ITM architecture depends unique agent names - no duplications. However, there is no logic that enforces that rule and indeed duplicate agent names occur in normal processing. For example, if an agent with two remote TEMS configured loses contact with one remote TEMS because of some communications outage, it can connect via a secondary remote TEMS. During that reconnection logic, the hub TEMS will note the duplicate agent name and accept it. Later on the first remote TEMS will notice the agent going offline [node status update missing], update the hub TEMS the agent is offline and the hub TEMS does the right thing and ignores it. So that duplicate agent name case is a transient normal condition.
However, this case involved some 15 MQ agents all of which had been configured with the same name. This causes the duplicate name logic to occur steadily, 15 times every 10 minutes by default. This project reports duplicate names using a very simple TEPS trace and a report program.
The TEMS must do work to manage the duplicate agent condition: stopping situations on the earlier agent instance and starting on the new agent instance. The TEPS maintains a topology of the ITM Agents and that topology map must be recalculated with every new arrival. Navigator Updates Pending alerts in Portal Client are also seen. In this case the effect was so strong that Portal Client was experienced very poor performance. In addition and worst, only one agent at a time was actually running situations. As the agents swapped in and out of connection situations kept starting and that produced a steady stream of situation events all apparently from the "same" agent and duplicating earlier events.
I worked on this once before Diagnosing the "Navigator Updates Pending" message and that technote has been very effective. However it requires manual work and analysis to correct.
I also added a potential duplicate agent report to the most recent 1.16000 level of Sitworld: ITM Database Health Checker. That report identifies some cases [agents reporting to different remote TEMSs and Agents reporting with different maintenance levels] but not others [agents with same maintenance level reporting to same remote TEMS]. Therefore something more was needed,
This project works with a TEPS trace and produces a full report on duplicate agent names.

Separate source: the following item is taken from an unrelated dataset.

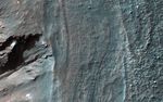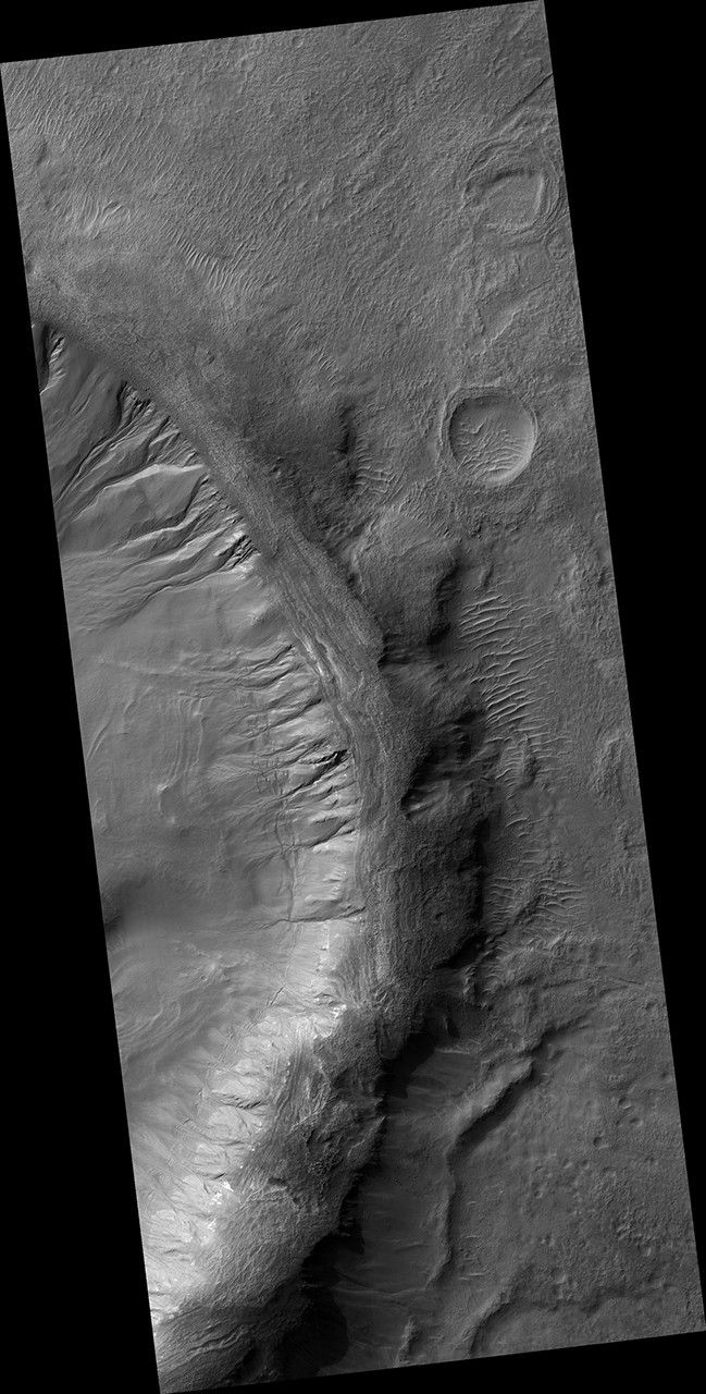 Another feature of interest to Mars scientists is a large gully roughly 100 meters across. These gullies may have formed when water from melted ice on the crater walls, or from groundwater within the walls, assisted in transporting eroding material downslope.

That works because the TEPS receives a stream of Situation Status Updates as each agent goes online and perhaps later offline.
At 0.53000 a summary of incoming events is provided. This can be very useful in diagnosing a TEPS that is overloaded with "too many events". More importantly, when there are event floods that usually means a violation of the prime ITM design: situation events should reflect rare and unusual events which can be worked on to prevent in the future. A violation causes excess work at the agent, the TEMS, the TEPS and the people who attempt to manage the event workload.
Preparing for the install
Perl is usually pre-installed in Linux/Unix systems. . For Windows you may need to install from www.activestate.com or any other source. The program only uses Perl core services and no CPAN modules are needed.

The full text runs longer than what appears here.